Pearce v. Knapp

71 Misc. 324, 127 N.Y.S. 1100
CourtNew York County Courts
DecidedMarch 15, 1911
StatusPublished
Cited by3 cases

This text of 71 Misc. 324 (Pearce v. Knapp) is published on Counsel Stack Legal Research, covering New York County Courts primary law. Counsel Stack provides free access to over 12 million legal documents including statutes, case law, regulations, and constitutions.

Bluebook
Pearce v. Knapp, 71 Misc. 324, 127 N.Y.S. 1100 (N.Y. Super. Ct. 1911).

Opinion

Kellogg, J.

This is an appeal from a judgment of the City Court of Oneonta, in favor of the plaintiff and against the defendants, wherein the plaintiff sought to foreclose a mechanic’s lien, pursuant to the various provisions of the Lien Law applicable thereto, in a court not of record.

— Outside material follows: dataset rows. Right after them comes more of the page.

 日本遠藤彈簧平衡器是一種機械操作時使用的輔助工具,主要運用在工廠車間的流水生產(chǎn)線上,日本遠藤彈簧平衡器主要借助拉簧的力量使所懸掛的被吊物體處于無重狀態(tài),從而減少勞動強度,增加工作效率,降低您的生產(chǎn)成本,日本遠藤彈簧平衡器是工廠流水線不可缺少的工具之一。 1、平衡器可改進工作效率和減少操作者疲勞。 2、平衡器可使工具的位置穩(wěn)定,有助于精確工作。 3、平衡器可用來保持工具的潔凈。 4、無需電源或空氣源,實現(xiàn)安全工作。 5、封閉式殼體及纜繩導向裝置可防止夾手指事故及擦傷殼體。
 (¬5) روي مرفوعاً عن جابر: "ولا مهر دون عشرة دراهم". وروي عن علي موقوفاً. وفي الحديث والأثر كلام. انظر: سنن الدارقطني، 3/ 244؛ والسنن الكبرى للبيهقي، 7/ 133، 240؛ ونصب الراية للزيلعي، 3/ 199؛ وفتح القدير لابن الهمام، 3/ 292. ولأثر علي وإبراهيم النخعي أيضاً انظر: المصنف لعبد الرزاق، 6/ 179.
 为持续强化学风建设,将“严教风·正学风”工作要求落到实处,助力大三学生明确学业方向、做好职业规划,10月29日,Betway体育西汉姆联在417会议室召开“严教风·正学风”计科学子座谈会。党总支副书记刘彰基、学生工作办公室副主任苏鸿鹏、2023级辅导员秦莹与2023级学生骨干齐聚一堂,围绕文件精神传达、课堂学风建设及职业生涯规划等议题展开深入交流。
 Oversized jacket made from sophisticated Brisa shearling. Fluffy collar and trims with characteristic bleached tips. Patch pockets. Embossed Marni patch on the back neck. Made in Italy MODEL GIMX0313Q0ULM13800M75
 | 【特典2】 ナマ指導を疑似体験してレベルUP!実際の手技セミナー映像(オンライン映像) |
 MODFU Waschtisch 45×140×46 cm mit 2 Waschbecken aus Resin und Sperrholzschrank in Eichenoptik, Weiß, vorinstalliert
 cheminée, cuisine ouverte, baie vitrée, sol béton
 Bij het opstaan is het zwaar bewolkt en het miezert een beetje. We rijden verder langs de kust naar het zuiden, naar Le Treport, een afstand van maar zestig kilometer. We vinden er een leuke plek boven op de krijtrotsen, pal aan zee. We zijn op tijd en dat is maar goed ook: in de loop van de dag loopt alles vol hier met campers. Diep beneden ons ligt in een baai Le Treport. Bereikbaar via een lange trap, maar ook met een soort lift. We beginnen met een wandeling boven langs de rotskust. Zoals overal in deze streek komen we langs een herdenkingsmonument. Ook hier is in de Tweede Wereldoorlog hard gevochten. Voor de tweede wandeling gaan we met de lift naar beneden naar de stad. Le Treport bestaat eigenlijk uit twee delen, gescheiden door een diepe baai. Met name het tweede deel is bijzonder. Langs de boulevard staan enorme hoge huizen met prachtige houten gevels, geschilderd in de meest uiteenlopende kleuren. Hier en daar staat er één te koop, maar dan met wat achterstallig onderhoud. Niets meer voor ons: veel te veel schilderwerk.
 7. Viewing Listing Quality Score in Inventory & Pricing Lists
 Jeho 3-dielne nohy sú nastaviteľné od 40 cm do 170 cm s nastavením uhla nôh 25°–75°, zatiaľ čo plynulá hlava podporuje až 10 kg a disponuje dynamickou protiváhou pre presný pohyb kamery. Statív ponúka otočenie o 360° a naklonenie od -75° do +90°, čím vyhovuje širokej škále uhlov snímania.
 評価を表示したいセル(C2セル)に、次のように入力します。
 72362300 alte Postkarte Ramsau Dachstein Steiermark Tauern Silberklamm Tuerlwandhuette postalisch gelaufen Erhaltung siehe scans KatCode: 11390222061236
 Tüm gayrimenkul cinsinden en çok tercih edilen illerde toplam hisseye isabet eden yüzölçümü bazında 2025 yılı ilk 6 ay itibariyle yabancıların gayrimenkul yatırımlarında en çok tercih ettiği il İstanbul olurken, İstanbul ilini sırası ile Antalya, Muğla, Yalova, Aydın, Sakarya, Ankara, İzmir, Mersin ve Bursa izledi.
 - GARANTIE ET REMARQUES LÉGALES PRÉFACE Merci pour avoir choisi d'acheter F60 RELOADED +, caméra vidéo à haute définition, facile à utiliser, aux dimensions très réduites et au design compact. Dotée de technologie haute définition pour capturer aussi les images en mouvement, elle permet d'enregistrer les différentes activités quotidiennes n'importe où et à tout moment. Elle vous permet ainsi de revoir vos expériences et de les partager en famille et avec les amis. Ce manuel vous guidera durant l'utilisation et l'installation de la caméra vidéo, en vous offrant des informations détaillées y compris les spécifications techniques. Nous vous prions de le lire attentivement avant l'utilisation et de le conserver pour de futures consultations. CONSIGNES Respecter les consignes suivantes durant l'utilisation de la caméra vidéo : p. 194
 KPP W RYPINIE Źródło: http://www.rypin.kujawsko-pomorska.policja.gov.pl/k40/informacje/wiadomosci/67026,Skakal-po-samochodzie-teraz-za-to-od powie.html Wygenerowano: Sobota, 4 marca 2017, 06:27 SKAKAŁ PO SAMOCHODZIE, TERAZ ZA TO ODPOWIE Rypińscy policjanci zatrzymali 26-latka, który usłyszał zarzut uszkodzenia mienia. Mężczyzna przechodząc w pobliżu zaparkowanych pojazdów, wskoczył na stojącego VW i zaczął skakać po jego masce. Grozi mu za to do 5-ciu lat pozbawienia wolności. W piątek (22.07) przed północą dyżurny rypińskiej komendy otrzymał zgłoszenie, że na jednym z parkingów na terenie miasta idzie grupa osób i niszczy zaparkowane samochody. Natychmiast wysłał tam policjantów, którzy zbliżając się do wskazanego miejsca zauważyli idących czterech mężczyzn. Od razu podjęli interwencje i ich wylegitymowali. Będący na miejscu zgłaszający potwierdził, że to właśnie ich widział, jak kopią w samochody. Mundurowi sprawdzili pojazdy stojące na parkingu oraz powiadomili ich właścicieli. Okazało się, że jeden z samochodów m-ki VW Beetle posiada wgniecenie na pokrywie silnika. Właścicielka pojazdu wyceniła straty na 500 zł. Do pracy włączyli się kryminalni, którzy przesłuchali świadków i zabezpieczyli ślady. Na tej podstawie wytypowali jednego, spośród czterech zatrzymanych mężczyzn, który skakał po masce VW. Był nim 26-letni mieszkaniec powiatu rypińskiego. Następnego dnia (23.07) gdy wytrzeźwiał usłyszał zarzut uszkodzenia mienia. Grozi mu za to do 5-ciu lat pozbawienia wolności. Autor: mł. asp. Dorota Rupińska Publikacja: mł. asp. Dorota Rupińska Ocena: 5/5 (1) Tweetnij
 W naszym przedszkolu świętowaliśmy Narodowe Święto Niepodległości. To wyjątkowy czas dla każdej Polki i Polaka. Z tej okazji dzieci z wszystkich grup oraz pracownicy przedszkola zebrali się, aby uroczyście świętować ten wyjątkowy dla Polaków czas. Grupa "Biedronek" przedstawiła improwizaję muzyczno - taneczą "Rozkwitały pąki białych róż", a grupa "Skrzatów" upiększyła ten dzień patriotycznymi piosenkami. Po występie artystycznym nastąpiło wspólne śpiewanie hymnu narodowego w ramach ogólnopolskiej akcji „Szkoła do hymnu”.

Lien Law, § 46.

The action was tried before the learned city judge, without. a jury; and the judgment awarded was substantially in accordance with the relief demanded in the amended complaint, as follows, to wit: That the real property described in the notice of lien * * * being a city lot, with a house and small building on the rear, used as a cigar factory, be sold according to law, and out of the moneys arising from such sale the plaintiff be paid the amount due on his said lien, namely, fifty-three dollars and ninety-five cents, and that the defendants, or either of them, be adjudged to pay the plaintiff so much of said amount as shall not be satisfied from the proceeds of the sale of the said real property hereinbefore described, and that plaintiff have execution accordingly.”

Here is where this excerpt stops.